Понимание садово-домового пространства как рассчитанного на проживание там только определенного человека имело важные последствия. Когда главой дома становился наследник, это очень часто сопровождалось переустройством сада. И дело здесь не столько во вкусовых пристрастиях, сколько в необходимости изменения конфигурации пространства, приспособленного для благополучия только прежнего хозяина. Такая конфигурация являлась подтверждением права на личную собственность, служила определенной гарантией против захвата.
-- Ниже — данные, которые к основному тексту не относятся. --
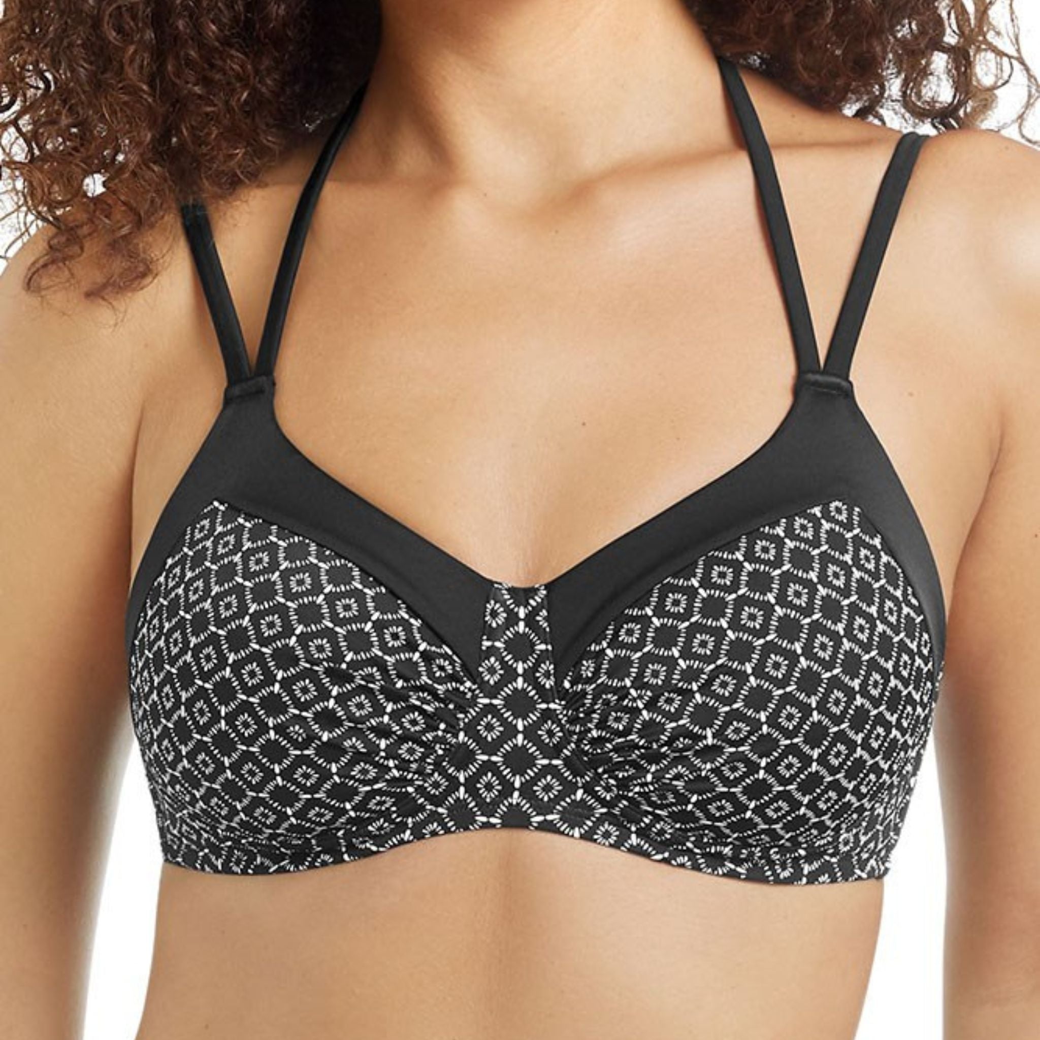 Ayon bikini top is a wire-free soft bra swim top with geometric black and white all over print in front and back
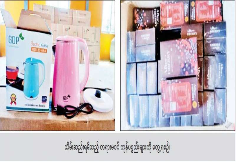 တရားမဝင်ကုန်သွယ်မှု တိုက်ဖျက်ရေးဦးဆောင်ကော်မတီ၏ ကြီးကြပ်ကွပ်ကဲမှုဖြင့် တရားမဝင် ကုန်သွယ်မှုများကို ဥပဒေနှင့်အညီ ထိရောက်စွာ တားဆီးအရေးယူနိုင်ရေး ဆောင်ရွက်လျက်ရှိပြီး ဇန်နဝါရီ ၄ ရက်တွင် ကော့ကရိတ်(တံတားကျိုး) စုပေါင်းစစ်ဆေးရေးစခန်း၌ မြဝတီမှ ရန်ကုန်သို့ သွားရောက်မည့် မော်တော်ယာဉ်များကို စစ်ဆေးခဲ့ရာ စာရွက်စာတမ်း အထောက်အထား တင်ပြနိုင်ခြင်း မရှိသည့် လျှပ်စစ်ရေနွေးအိုး (၄၀၀)၊ ခန့်မှန်းတန်ဖိုး ငွေကျပ်(၅၈၀,၀၀၀/-)ကို စစ်ဆေးတွေ့ရှိရသဖြင့် သိမ်းဆည်း၍ အမှုဖွင့်လှစ်ဆောင်ရွက်ခဲ့သည်။

Здесь уместно вспомнить, что междоусобная борьба в Японии обычно не сопровождалась вселением в дом поверженного противника (дело, как известно, самое обычное в европейской истории). Вместо вселения гораздо чаще практиковалось сожжение жилища. Связь хозяина с местом проживания была актуализирована в полной мере: именование знатного человека не по имени, а по месту его проживания было делом обычным. Устройство личного дома и сада было рассчитано на магическую оборону исключительно хозяина, а людей посторонних там могли поджидать лишь одни неприятности.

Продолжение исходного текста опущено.